Feedback is also usually about performance and grades. I find talking about the grade during the writing process generally unhelpful. Students should be focused on something other than “How do I get an A?”

In my courses, rather than peer feedback, I use “peer response,” I ask students not to assume the role of instructor (Because how could they?) but to stand in for the intended audience for the writing and to react and respond as they might. This is done entirely through questions posed about the piece of writing that the student answers regarding their peer’s work, but more importantly, they can also answer them about their own work.

Properly used, peer response is not an exercise for the writer to “fix” their piece according to guidance from the peer. Instead, a peer response is an opportunity to engage in what we know is perhaps the most important skill to practice for developing writers and thinkers, “critical reflection.”

The M-Write algorithm/rubric is only able to detect what the student is thinking, and in a meaningful written response, particularly during the drafting process, how the student (metacognition) is thinking is much more important.

An algorithmic score that predicts your grade does not orient students towards more productive reflection. Even if they are then directed toward a writing fellow, the discussion remains at the level of how to get a better grade which runs this risk of devolving into pleasing the rubric/algorithm.[3]

By privileging a narrow, predicted, and predictable range of outcomes, these sorts of initiatives distort the writing and thinking process as we wish to see it practiced in the wider world where rubrics don’t exit.

Students who are confined to large lectures will forever have to perform well inside the box, even as the box is enhanced with digital tools. This is no different than K-12 students who are subjected to the kinds of standardized multiple-choice assessments that the M-Write algorithms and tools are meant to substitute for.

Right back where we started.

Rather than creating a “feedback loop” centering student learning around an algorithm, we should be seeking ways to empower students to make discoveries.

Now some of these discoveries may be ideas others have already “discovered.” Much of my writing about writing involves conceiving of something I think is “new” and discovering it is in reality quite well-established, but by uncovering these ideas for myself, they take far greater hold in my existing knowledge than if I’d been fed them by another.
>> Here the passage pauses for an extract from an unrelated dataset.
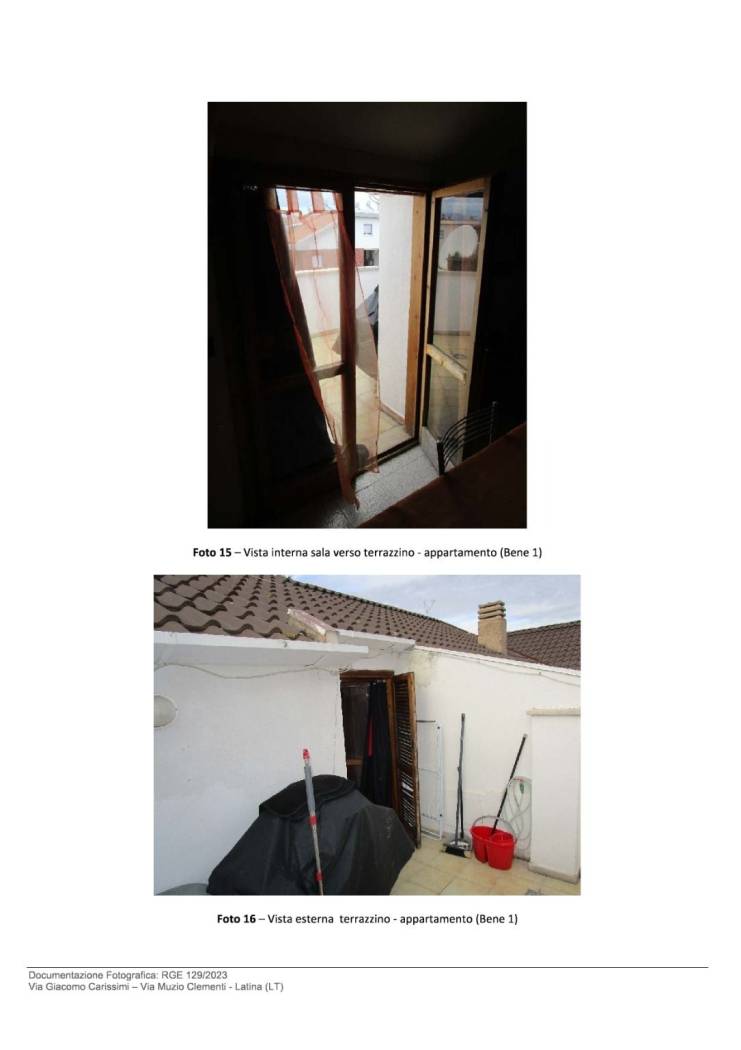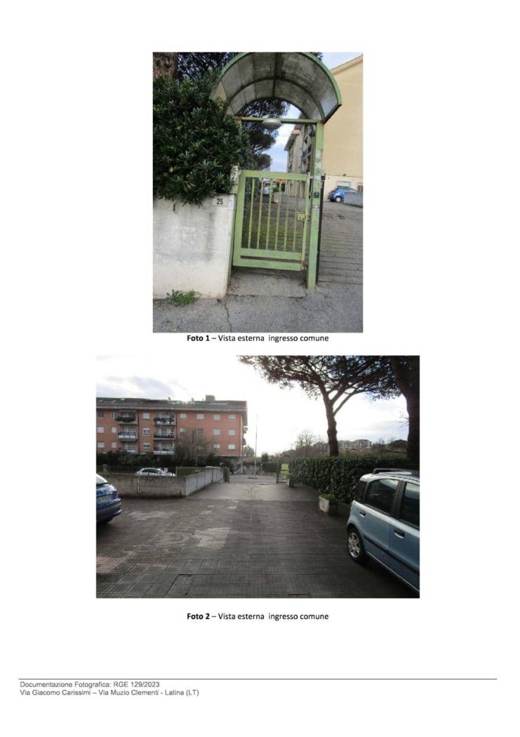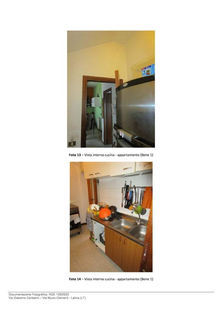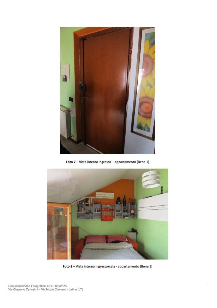 Bene N° 1 - Appartamento ubicato a Latina (LT) - Via Giacomo Carissimi, 25, scala E, interno 13, piano 4. L'unità immobiliare è inserita in un contesto residenziale all'interno di un edificio disposto su cinque livelli fuori terra e uno interrato. L'appartamento è posto al piano quarto, composto da ingresso, cucina-sala pranzo con affaccio su terrazzino, disimpegno, bagno finestrato, una camera da letto con finestra, una camera pluriuso con porta finestra e un piccolo balcone.

They also fuel an intrinsic drive that is far more potent and longer lasting than any external motivator.

This is why I prefer a writing process for students that privileges critical reflection over the kind of feedback loop M-Write appears to be working towards. Rather than acculturating students to a system that values scores and triggers an instructor (or tutor) intervention, critical reflection requires the students themselves to recognize when their own thinking is off track and seek remedy.

Critical reflection also scales at least as well as what M-Write is pursuing. In the end, you always need a well-trained instructor to help when needed, but M-Write already recognizes this fact.

On the whole, M-Write looks like an initiative that’s oriented around achievement (grades), but I’m not convinced that achievement and learning are synonyms in this context.


[1] My big picture worry is that this cycle is inevitable. The second a technology shows even limited promise (MOOCs…cough…cough), the monetizers promising disruption and the University of Everywhere arrive to ruin a good thing.

[2] It’s not lost on my that flying below the radar was my goal for my own large university educational experience, but this is exactly why I am troubled by enshrining such values in the digital university. It wasn’t a particularly good way to do college.

[3] The very best answers to a writing prompt, meaning the answers that both introduce new knowledge and provide a vehicle for the student to learn as much as possible, will always defy these algorithms because they are at least a little outside what’s been predicted.